St. James's Park: Unattended Cycles

Lord Berkeley asked Her Majesty's Government:

    What is the reason for the erection of new police notices in St. James's Park warning that cycles left unattended will be removed by the police; and [HL1]

    Why cyclists are not allowed to leave their cycles unattended at locations in St. James's Park and Westminster.[HL2]

Lord McIntosh of Haringey: Responsibility for the subject of these questions has been delegated to the Royal Parks Agency under its Chief Executive, Mr.
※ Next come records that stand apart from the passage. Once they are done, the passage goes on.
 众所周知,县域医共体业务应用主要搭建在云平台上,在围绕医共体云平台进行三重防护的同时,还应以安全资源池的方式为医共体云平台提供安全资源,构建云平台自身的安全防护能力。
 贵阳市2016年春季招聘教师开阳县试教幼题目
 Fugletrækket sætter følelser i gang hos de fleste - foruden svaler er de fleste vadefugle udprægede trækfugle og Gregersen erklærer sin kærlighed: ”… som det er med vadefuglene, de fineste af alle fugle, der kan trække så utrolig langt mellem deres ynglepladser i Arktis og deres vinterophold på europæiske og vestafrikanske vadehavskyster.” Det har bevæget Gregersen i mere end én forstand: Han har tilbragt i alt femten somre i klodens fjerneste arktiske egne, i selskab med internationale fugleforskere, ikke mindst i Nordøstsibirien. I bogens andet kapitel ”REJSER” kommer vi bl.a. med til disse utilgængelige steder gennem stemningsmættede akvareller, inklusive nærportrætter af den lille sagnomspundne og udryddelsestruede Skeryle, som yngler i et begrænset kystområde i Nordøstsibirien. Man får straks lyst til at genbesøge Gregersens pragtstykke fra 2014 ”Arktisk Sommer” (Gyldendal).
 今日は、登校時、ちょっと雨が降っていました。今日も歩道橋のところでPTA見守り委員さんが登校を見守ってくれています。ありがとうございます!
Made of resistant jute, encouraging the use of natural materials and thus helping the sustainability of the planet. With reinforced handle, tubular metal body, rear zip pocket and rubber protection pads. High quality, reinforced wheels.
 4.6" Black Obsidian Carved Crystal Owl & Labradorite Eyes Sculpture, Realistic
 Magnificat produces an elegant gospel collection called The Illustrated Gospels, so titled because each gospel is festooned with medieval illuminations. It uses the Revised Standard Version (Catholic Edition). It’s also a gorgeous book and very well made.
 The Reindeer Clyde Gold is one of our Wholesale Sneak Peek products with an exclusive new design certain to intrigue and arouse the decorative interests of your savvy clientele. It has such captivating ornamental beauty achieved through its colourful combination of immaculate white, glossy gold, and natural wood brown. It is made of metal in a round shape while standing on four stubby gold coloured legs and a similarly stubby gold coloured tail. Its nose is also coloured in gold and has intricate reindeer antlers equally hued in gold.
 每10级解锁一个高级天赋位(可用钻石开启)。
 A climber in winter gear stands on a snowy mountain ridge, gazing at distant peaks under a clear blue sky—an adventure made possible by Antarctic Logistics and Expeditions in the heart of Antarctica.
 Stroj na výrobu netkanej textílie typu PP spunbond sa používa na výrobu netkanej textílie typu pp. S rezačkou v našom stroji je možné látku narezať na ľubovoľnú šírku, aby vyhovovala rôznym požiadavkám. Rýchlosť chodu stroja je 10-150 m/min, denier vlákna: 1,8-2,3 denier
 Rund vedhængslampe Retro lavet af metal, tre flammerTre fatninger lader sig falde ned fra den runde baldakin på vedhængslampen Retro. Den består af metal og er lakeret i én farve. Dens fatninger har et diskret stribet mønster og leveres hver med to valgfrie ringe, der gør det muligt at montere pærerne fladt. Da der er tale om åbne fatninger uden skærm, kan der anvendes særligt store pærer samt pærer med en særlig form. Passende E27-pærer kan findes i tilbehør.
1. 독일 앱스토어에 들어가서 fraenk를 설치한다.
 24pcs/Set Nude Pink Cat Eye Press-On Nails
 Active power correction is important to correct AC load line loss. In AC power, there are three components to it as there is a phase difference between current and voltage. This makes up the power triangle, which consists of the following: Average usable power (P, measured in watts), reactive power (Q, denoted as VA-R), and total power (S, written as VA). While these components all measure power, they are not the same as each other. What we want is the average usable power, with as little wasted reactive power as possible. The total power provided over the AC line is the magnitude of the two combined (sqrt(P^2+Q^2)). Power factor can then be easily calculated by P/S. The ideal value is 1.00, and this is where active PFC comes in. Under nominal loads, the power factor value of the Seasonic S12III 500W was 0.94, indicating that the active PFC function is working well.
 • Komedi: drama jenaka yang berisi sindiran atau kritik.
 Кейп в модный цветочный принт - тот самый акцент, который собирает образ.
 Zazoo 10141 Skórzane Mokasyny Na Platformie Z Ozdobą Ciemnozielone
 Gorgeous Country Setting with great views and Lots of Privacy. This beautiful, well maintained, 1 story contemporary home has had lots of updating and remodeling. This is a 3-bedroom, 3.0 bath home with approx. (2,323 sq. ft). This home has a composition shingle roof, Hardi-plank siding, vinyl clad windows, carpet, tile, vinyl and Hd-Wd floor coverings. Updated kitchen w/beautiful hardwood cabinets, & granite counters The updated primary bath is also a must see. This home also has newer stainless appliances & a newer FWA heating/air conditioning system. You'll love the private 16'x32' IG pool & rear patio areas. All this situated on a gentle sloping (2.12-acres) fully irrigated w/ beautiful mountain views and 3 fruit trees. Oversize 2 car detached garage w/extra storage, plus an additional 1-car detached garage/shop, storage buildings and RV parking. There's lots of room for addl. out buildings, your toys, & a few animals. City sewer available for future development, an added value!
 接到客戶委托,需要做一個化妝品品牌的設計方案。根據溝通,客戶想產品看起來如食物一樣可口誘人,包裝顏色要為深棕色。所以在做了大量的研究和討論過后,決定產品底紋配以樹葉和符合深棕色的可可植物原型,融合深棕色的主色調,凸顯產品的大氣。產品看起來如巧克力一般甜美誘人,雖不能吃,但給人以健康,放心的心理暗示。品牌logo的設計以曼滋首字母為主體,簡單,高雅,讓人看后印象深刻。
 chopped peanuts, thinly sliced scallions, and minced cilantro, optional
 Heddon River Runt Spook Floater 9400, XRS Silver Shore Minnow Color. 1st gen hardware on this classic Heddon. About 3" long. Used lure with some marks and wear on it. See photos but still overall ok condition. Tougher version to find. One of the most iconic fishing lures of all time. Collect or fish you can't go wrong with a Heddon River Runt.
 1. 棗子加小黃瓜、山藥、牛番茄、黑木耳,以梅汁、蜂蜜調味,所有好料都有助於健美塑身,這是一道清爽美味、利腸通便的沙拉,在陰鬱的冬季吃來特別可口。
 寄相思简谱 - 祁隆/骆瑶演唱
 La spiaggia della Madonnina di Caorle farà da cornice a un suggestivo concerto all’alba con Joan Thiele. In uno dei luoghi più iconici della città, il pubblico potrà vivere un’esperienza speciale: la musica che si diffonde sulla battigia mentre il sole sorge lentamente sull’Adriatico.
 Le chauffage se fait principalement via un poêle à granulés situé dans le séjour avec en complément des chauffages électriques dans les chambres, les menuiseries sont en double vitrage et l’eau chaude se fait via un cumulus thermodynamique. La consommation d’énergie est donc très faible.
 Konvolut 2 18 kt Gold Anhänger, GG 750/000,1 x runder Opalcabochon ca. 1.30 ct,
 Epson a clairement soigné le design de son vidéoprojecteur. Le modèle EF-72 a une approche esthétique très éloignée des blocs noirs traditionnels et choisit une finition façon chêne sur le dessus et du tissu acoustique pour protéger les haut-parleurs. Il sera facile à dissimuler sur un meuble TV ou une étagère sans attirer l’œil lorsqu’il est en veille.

David Welch. I have asked him to arrange for a reply to be given.

Letter to Lord Kennet from the Head of Policy of the Royal Parks Agency, Ms Viviane Robertson.

In the absence of the Chief Executive of the Royal Parks Agency, Mr. David Welch, I have been asked by the Secretary of State for Culture, Media and Sport to reply to your two parliamentary Questions relating to cycles in St. James's Park, as this is an operational matter for which the agency is responsible.

Unattended cycles are a potential security risk in the vicinity of ceremonial routes and the most recent notices were displayed as part of the security arrangements prior to the State Opening of Parliament. They are visually intrusive in a Grade 1 listed landscape and damage the railings and their paintwork, and it is an offence under the Royal Parks Regulations to attach cycles or any other article to park railings or other park furniture.

I am unable to comment on the position with regard to cycles left unattended in Westminster.

Human Rights Act 1998

Lord Lester of Herne Hill asked Her Majesty's Government:

    Whether, when they bring Section 19 of the Human Rights Act 1998 into force, they will at the same time bring Section 3 into force so as to ensure that the courts construe future Acts of Parliament so far as is possible in accordance with convention rights, having regard to any ministerial statements of compatibility with the European Convention on Human Rights made under Section 19.[HL70]

The Minister of State, Home Office (Lord Williams of Mostyn): The main provisions of the Act, including Section 3, belong together and will be implemented as a whole. Section 19 is separate from the main provisions and for that reason we were able to bring it into force in advance of them on 24 November.